If there’s a logical inconsistency with the world and no hint that either the author will explain it eventually or it’s not the kind of story where you care, I will probably not finish. For example, if the story makes a big deal of being scientifically accurate but ignores conservation of mass, I worry. If the story is in the style of a fairy tale, then I don’t care about conservation of mass—but I’ll care if you claim to have scientifically accurate shape-changers. (This is why a lot of SF dressed as fantasy fails for me: if it looks and feels like fantasy and you pull out the hypersleep at the 90% point, I might suspect you don’t know what you’re doing.)
 

minta

Troubadour
I give a book about 100 pages. If it doesn’t grab me, I move on. Reading should be fun, not homework.
 

Josh2Write

Troubadour
I used to be a very forgiving reader. Even if a book wasn't good, I'd keep reading for my own sense of closure.

Not so anymore.

Perhaps I've lost patience as I got older or there are too many alternatives to waste my time, but I will drop a book if isn't entertaining me. Books with annoying, stupid, or boring characters get returned to the library or given to Goodwill. Forget closure. I'm not as forgiving anymore.

This makes me wonder why other people give up. Why do you quit reading a book?
One reason for me is when the writer just writes whatever without thinking how it actually sounds to another person. Too many writers use fancy words to sound smart, educated, but don't really think about how those words sound in an actual human sentence, read aloud. And if I have to keep stopping to read the sentence aloud in order to try to figure out what's happening, it ruins the pace of the story. And a lot of newer books are like this. Too many writers write, but don't think, too focused on money and imagined fame to care what the book actually sounds like, then blames the readers and fans for poor sales.

I'm constantly rewording whole scenes just to make them sound more believable, and some scenes are so boring I faze out entirely and take the story down a different path before it gets to the next part just so it makes sense. Some are so bad I just close the book, not wanting to waste any more time with what I know will be a difficult, probably unnecessary, read.

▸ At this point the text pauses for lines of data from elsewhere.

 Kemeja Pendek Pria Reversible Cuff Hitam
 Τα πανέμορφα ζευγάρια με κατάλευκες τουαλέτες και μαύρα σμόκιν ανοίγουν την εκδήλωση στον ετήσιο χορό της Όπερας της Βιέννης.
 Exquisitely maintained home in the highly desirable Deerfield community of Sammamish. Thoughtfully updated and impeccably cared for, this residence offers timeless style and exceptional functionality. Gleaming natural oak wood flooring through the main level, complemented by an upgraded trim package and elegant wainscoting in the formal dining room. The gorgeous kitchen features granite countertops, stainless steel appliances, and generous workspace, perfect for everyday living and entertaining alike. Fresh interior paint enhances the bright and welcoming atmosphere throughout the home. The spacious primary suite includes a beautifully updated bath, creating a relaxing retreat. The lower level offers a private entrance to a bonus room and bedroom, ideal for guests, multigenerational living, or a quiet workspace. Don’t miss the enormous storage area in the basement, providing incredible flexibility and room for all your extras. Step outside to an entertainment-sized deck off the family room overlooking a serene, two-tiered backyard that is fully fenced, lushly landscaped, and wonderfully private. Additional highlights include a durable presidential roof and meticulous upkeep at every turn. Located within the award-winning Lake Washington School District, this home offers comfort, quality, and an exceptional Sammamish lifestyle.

I would like to be an editor. I know I would do very well as an editor.
 

xena

Troubadour
I usually give up on a book when I’m just not invested in the characters’ goals or not intrigued to find out what happens next.
 

jhmcmullen

Dreamer
An example of a detail where I did have confidence in the author — I just read “If Wishes Were Retail” by Auston Habershaw. It’s a fun cozy fantasy set it what is pretty much the real world but like, with genies and gnomes. And even though the mention of gnomes seemed to come out of thin air, something is the way Habershaw wrote made me think, no, he knows what he’s doing. This will pay off. (Now, vampires also get mentioned as part of the justification for why there are genies) but that’s okay: he put a couple of sentences in to say, “Hey, there’s genes and all kinds of magical stuff, so live with it” — but it doesn’t feel like it has the same weight.) Light, yes, because after the last few years I don’t actually want to read deep and depressing, but finish-able.

Anyway, in other hands, that might have been a throwaway detail where I went, “This author doesn’t know what they are doing.” Here, it worked.

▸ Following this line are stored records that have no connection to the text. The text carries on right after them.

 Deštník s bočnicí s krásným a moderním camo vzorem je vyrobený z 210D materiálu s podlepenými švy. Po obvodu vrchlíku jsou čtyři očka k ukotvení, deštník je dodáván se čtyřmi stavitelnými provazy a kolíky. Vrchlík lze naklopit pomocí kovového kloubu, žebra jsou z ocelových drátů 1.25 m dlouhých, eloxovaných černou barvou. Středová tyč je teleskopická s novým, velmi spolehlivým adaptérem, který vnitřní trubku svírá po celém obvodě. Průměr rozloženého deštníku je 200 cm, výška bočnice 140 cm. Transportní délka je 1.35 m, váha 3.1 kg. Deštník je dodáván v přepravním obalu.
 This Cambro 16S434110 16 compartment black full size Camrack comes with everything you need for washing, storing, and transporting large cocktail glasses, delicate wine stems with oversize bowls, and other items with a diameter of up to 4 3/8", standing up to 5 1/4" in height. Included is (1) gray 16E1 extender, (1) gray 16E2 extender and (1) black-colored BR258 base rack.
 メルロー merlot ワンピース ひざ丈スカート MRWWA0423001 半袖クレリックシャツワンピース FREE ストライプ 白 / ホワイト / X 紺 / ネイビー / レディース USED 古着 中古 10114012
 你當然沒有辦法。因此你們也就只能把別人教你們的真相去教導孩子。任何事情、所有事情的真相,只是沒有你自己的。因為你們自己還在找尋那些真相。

On the other hand, I’m reading Jirel of Joiry (C. L. Moore) for the first time too, and it’s a slog. Moody, evocative writing that doesn’t evoke a whole lot from me. I have to face it: I’m a plot whore. Give me events over atmosphere. Both need to be there, but one entertains me more than the other.. For Moore, I don’t ever feel like she doesn’t know what she’s doing, but I do feel like she has different goals in the writing than I do in the reading.